Oregon governor announces "phased withdrawal" of federal agents from Portland
The Trump administration has agreed to a "phased withdrawal" of Customs and Border Protection and ICE agents from Portland, Oregon Gov. Kate Brown (D) announced on Wednesday.
Why it matters: The news comes after weeks of violent clashes between protesters and federal law enforcement deployed by the Trump administration to protect Portland's federal courthouse.
- Democrats have accused federal law enforcement of escalating violence against civilians and detaining protesters in unmarked vehicles.
- Attorney General Bill Barr, echoing other Trump top officials, said Tuesday that protesters' nightly attacks on the courthouse are "an assault on the government of the United States."
What they're saying: "After discussions with the Vice President and administration officials this week, the federal government has agreed to my demand and will withdraw these officers from Portland. They will also clean up the Courthouse, removing the graffiti," Gov. Brown said.

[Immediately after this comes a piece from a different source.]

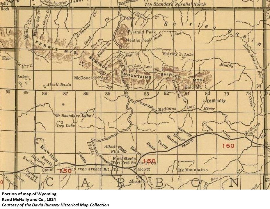 | The town of Fort Steele derives its name from Fort Fred Steele, an army post established here in 1866 to guard the Union Pacific Railroad against Indians. At the time of the Meeker massacre, in the early eighties, it was from Fort Fred Steele that the unfortunate force commanded by Major Thornburg was sent to put down the uprising. Major Thornburg and most of his command never returned. That any of them survived was due to the dispatch of a second expedition from the fort to their relief. There is little about the town now to suggest the troubled Indian times. It serves as a place of supply for sheep herders and for the farms scattered up and down North Platte River wherever the valley is wide enough to be cultivated. The North Platte, from which the railroad diverged at the city of North Platte, 291 miles west of Omaha, is reached again at Fort Steele, 384 miles west of North Platte and 3,705 feet higher. To the left (south) as the train crosses the bridge over the North Platte at Fort Steele may be seen a sawmill which works timber cut in the mountains and floated down the river. This mill produces many railroad ties and mine props from timber grown in the Medicine Bow and Hayden National Forests. (Guidebook of the Western United States) |

- "I have grown increasingly concerned at the nightly confrontation between local community members and federal officers. We need to recognize that the protests in Portland are not solely about the federal presence. They started before federal agents descended on our city and they will likely continue after they leave," Brown said.
The other side: Acting Homeland Security Secretary Chad Wolf said in a statement that the administration and Oregon had agreed to a "joint plan to end the violent activity in Portland directed at federal properties and law enforcement officers," which would include a "robust presence" of Oregon State Police to secure federal property.
- Yes, but: Wolf said that Homeland Security personnel would stay in Portland "until we are assured that the Hatfield Federal Courthouse and other federal properties will no longer be attacked."
- "The Department will continue to re-evaluate our security posture in Portland, and should circumstances on the ground significantly improve due to the influx of state and local law enforcement, we anticipate the ability to change our force posture, as we do everyday at our other 9,000 federal properties we protect across the country," he added.